__SOURCE MATERIAL__.
━━━━
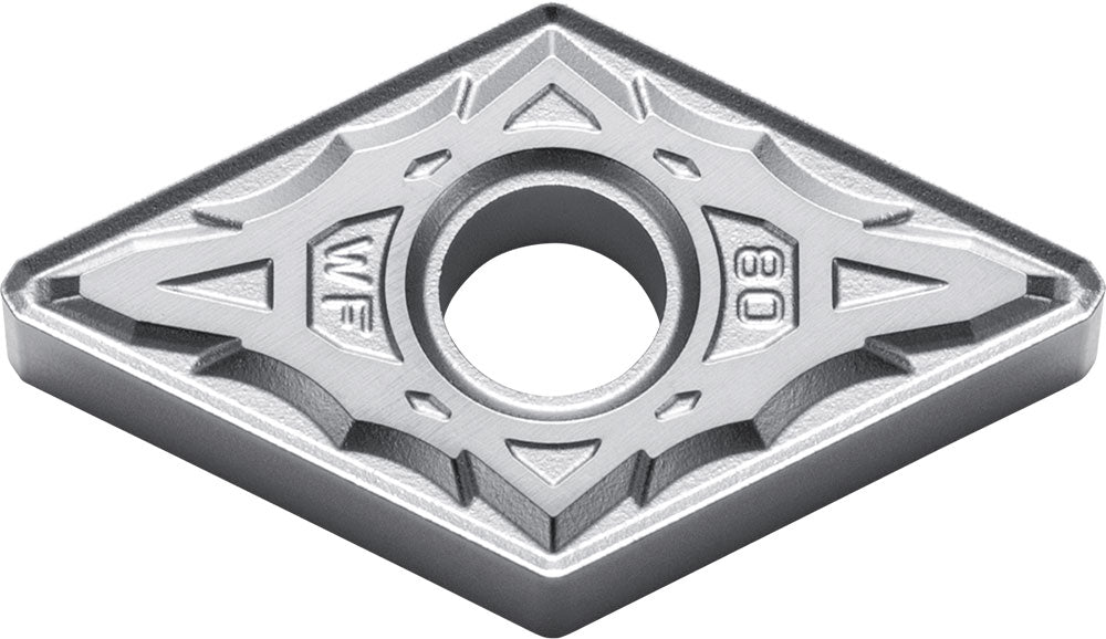 Kyocera DNMX 433WF TN620 Grade Uncoated Cermet, 0 Degree, Diamond, Negative Rake Angle, Neutral Turning Insert for Light Interruption and Finishing in (P) Carbon/Alloy Steel
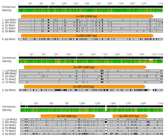 Multiple sequence alignment (MSA) of nucleotide sequences of BBMV RNAs 1, 2, and 3 (top to bottom) for five BBMV isolates as compared to Ba ones. The orange bars represent the ORF regions (with the length shown in parentheses). The gray regions signify identical nucleotides, while the nucleotide substitutions are depicted by the black vertical lines and the deletions by the horizontal black lines. The green bars illustrate the regions of identity.
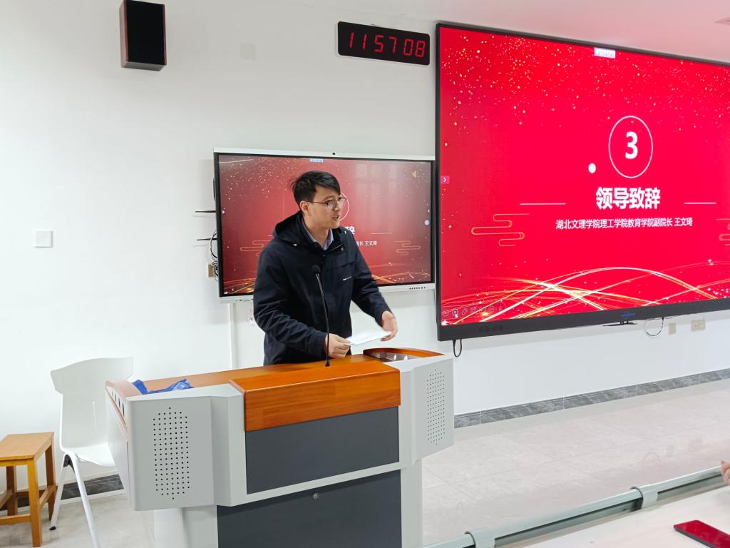 颁奖流程结束后,教育学院副院长王文琦上台致辞,王院长对获奖作者表示祝贺,对本次大赛的组织开展表达了高度肯定。他表示,“楚才杯”原创文学大赛已连续成功举办了五届,每届都有非汉语言文学专业的学生参赛并获奖,这离不开学校各级领导和老师的全力支持以及广大学子的踊跃参与,也离不开昭明文学社的精心组织。教育学院和学校将继续组织多种形式的校园特色活动,丰富同学们的校园文化生活,为广大学子搭建展示才华、锻炼本领、提升自我的舞台。
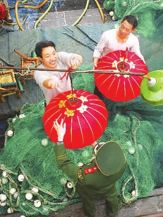农历小年,浙江公安边防总队海警二支队官兵纷纷走上船头开展送新年活动。为渔民们心爱的渔船上挂上一只只大红灯笼,庆祝一年的丰收,共同迎接新年的到来。
━━━━
__EXERCISE DIRECTIONS__. Return all of the material exactly, without pictures.

__WRITTEN REPLY__.
 Kyocera DNMX 433WF TN620 Grade Uncoated Cermet, 0 Degree, Diamond, Negative Rake Angle, Neutral Turning Insert for Light Interruption and Finishing in (P) Carbon/Alloy Steel
 Multiple sequence alignment (MSA) of nucleotide sequences of BBMV RNAs 1, 2, and 3 (top to bottom) for five BBMV isolates as compared to Ba ones. The orange bars represent the ORF regions (with the length shown in parentheses). The gray regions signify identical nucleotides, while the nucleotide substitutions are depicted by the black vertical lines and the deletions by the horizontal black lines. The green bars illustrate the regions of identity.
 颁奖流程结束后,教育学院副院长王文琦上台致辞,王院长对获奖作者表示祝贺,对本次大赛的组织开展表达了高度肯定。他表示,“楚才杯”原创文学大赛已连续成功举办了五届,每届都有非汉语言文学专业的学生参赛并获奖,这离不开学校各级领导和老师的全力支持以及广大学子的踊跃参与,也离不开昭明文学社的精心组织。教育学院和学校将继续组织多种形式的校园特色活动,丰富同学们的校园文化生活,为广大学子搭建展示才华、锻炼本领、提升自我的舞台。
农历小年,浙江公安边防总队海警二支队官兵纷纷走上船头开展送新年活动。为渔民们心爱的渔船上挂上一只只大红灯笼,庆祝一年的丰收,共同迎接新年的到来。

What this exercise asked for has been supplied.